The purpose of a node property file is to provide additional information about identifiers of administrative divisions. For more
information on STEM's properties files, please read "An Introduction To STEM Properties Files" found at org.eclipse.stem.utility\docs.
**Generation of Population Properties Files**
There are two intermediate steps to be done before generating a population property file. First, we have to run both, Admin1LexSorter and Admin2LexSorter to generate a set of files were
administrations for a given country are sorted lexicographically as was previously explained in this document. Next, we run org.eclipse.stem.utility.generators\PopulationProfiler.java.

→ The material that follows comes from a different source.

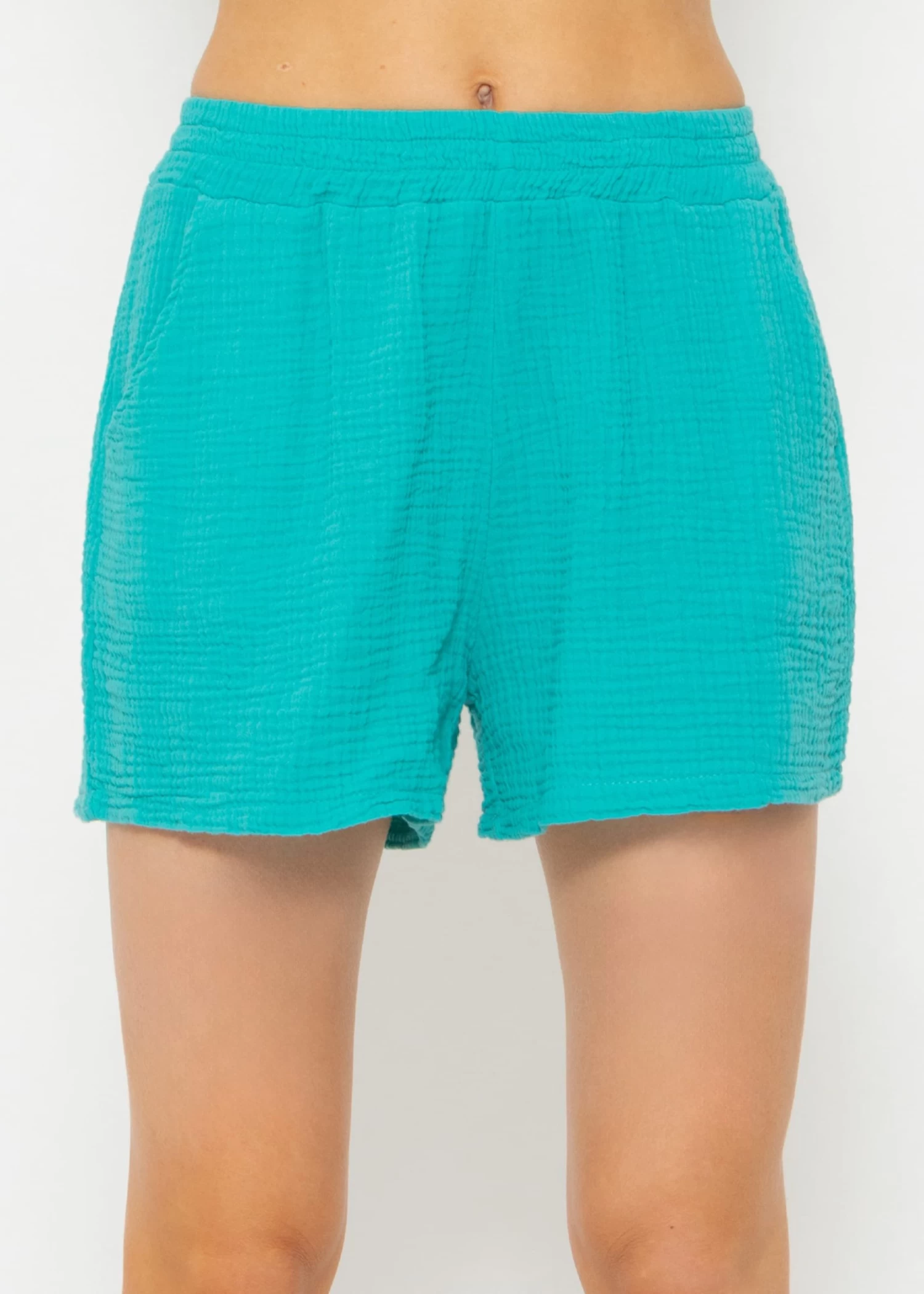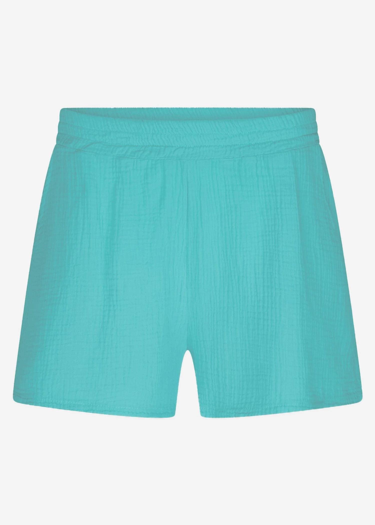 Freizeit Shorts aus softem Baumwoll-Musselin mit Gummibund. Einschubtaschen geben ihr den coolen Look.
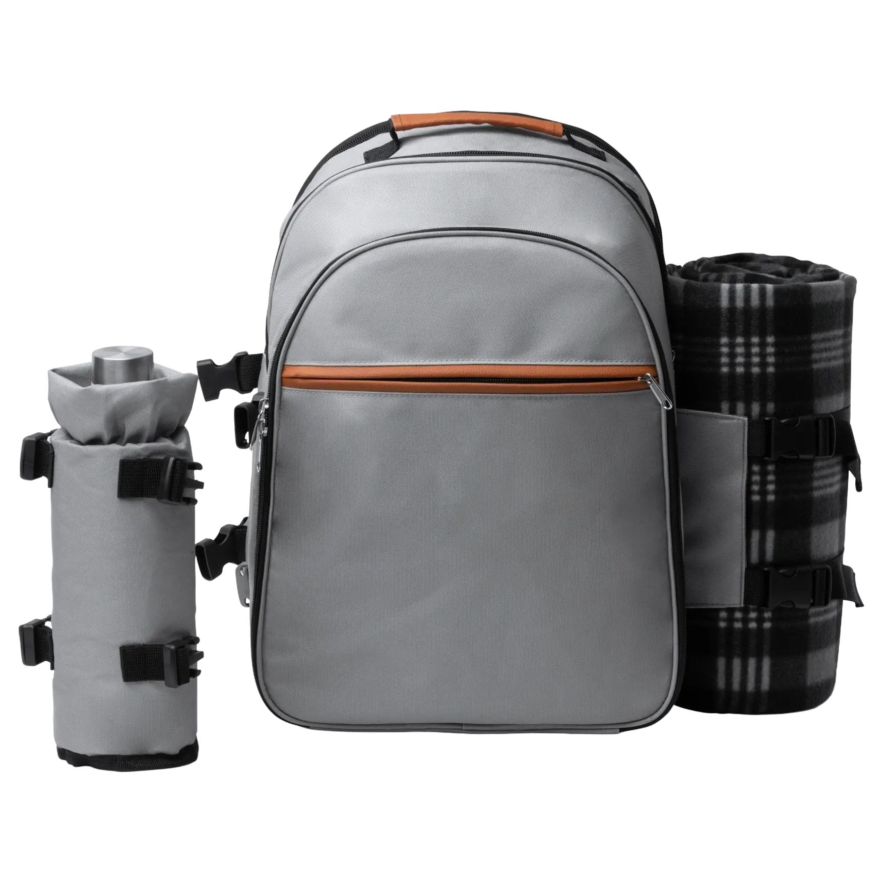Le sac à dos GARTEN est conçu en polyester RPET et destiné au transport d'accessoires pour pique-nique. Il comprend un compartiment principal avec deux tasses, deux assiettes et deux couverts, un compartiment latéral pour la couverture incluse, ainsi qu'un compartiment pour bouteilles. La conception facilite l'organisation et le transport.

PopulationProfiler.java is a program that creates a profile of all the level 1 administrations of a country based on population and on the number of
level 2 administrations that belong or are contained in it. This is a necessary step since we are missing some exact population data and by knowing the relationship of level 2 administration to its
container we can easily compute an approximate population value. Finally, we run org.eclipse.stem.utility\PopulationGenerator.java to genererate a population property file. For a single country,
a population property file will be generated for each administrative level. For Argentina, the corresponding population property files produced will be :
ARG_0_human_2006.properties
ARG_1_human_2006.properties
ARG_2_human_2006.properties
A sample node property file for Argentina looks as follows :
// Extracted from org.eclipse.stem.internal.data\resources\data\country\ARG_1_human_2006.properties
...
# The population identifier
POPULATION = human
# State/Province
AR-B = 13827203
AR-C = 2776138
AR-K = 334568
AR-H = 984446
AR-U = 413237
AR-X = 3066801
AR-W = 930991
AR-E = 1158147
AR-P = 486559
AR-Y = 611888
AR-L = 299294
AR-F = 289983
AR-M = 1579651
AR-Q = 474155
...
The purpose of a population property file is to provide population data of administrative divisions. For more
information on STEM's properties files, please read "An Introduction To STEM Properties Files" found at org.eclipse.stem.utility\docs.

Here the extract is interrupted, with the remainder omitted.